Hi, I am Angelica JumpinJackFarms daughter! I did buy them a "cheapo" ball from Target on Friday!

I took some cute pics of them playing with it. I started out buying it for Abbie but it turns out Zepp liked it way more then she did...

The first pic is of Abbie and the rest are of Zepp!


----------



## Chico (May 8, 2007)

I do have videos of the boys playing with a section of old hose and a flatish basket ball. I will see if husband can help me post them. I will keep the camera handy and hope I get a yoga ball video. I love the hoola-hoop idea !I was also thinking of getting the boys a wading pool this summer. Love all the photos, cute pictures. Aren't we lucky to have donkeys?!

chico


----------



## PaintedPromiseRanch (May 8, 2007)

my donkeys LOVE their orange cones, and their small dog-sized jolly balls!
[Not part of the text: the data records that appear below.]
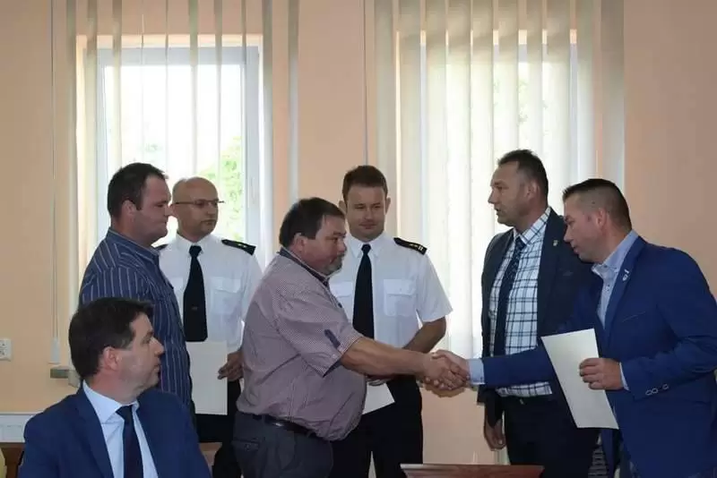 Następnie podziękowania wręczono strażakom za wsparcie i zaangażowanie podczas akcji niesienia pomocy mieszkańcom gminy Udanin, którzy ucierpieli w wyniku gwałtownych i intensywnych opadów deszczu 15 czerwca 2019 r. Podziękowania skierowano do bryg. mgr inż. Marka Wawrejko – komendanta powiatowego PSP w Środzie Śląskiej (podziękowanie odebrał bryg. mgr inż. Tomasz Imielski – zastępca komendanta powiatowego PSP w Środzie Śląskiej), mł. kpt. Wojciecha Lecha zastępcy dowódcy Jednostki Ratowniczo - Gaśniczej w Środzie Śląskiej oraz dla druha Bogdana Wilczaka - prezesa zarządu gminnego Związku Ochotniczych Straży Pożarnych RP w Udaninie.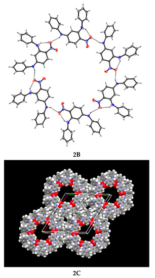 2A Drawing of 2,4-(phenylamino)nitrobenzene; 2B A cross section of the crystal structure showing the hexameric hydrogen-bonded units of compound 2 leaving a large hole or channel; 2C Packing diagram of compound 2 showing the large pores.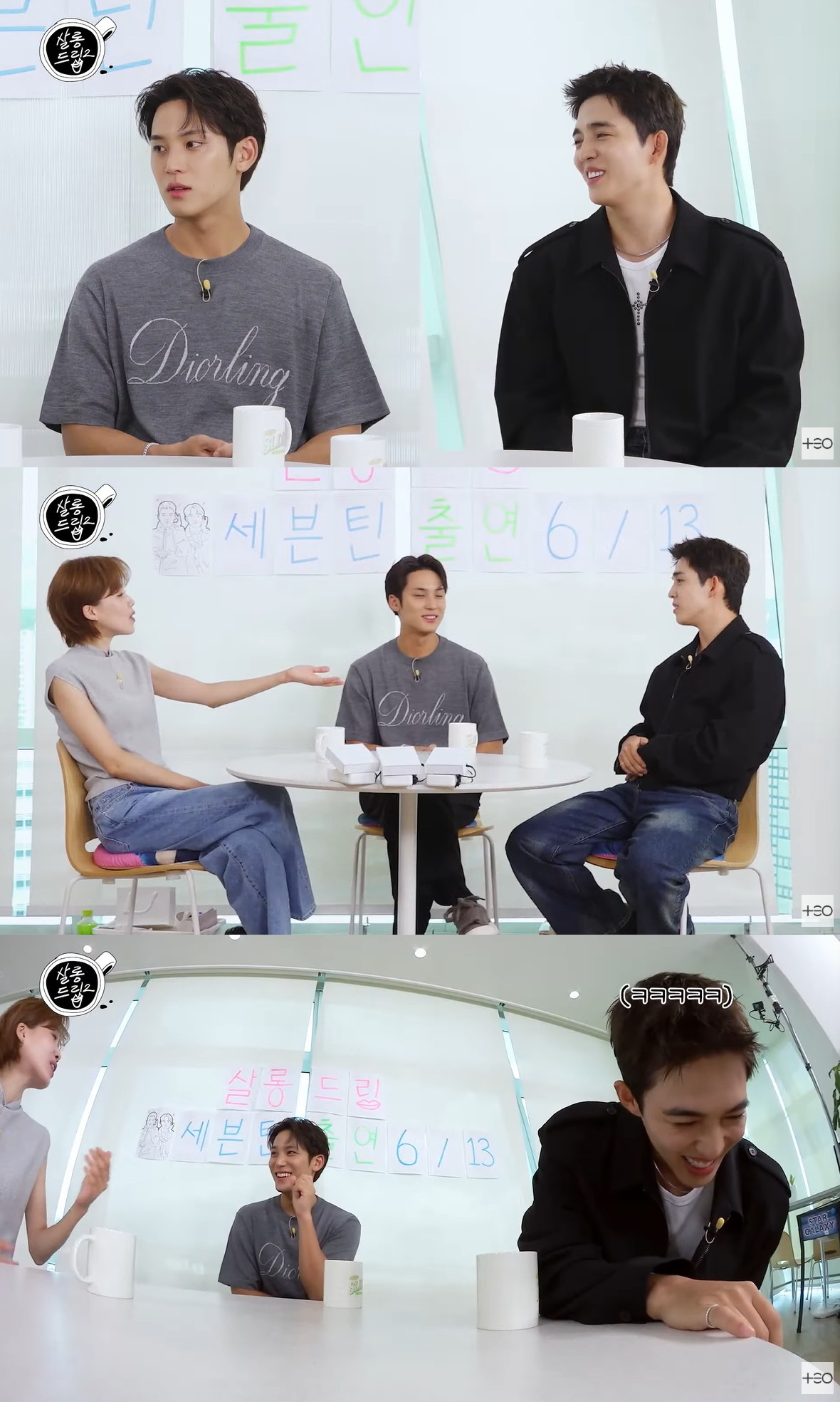 장도연은 "두 분은 좀 낯가리는 편이냐. 난 좀 그렇다"라고 물었다. 에스쿱스는 "약간 그런 거 같다"라면서도 "근데 승관이랑 도겸이 나온 편을 봤는데 편해 보이더라. 그래서 좀 서운하다"고 말해 웃음을 자아냈다.

Dillon also has old, going flat football, soccer ball, basket ball, bigger jolly ball - he loves those too although Zacchaeus the JRT mix steals them all the time. he also has a length of lead rope about 4 foot long, old and stiff, that i tie in a loop around the fence and he tugs on it till he gets it off, then carries it around until i tie if back on the fence. i have not seen Wiley or Trooper play with toys though... nor the older jennets, although the young ones do play with the cones.


----------



## Emily's mom (May 8, 2007)

The toys sound like a good idea, I must look around the barn for flat old basketballs and such, not that Emily doesn't deserve new toys.



:



:


----------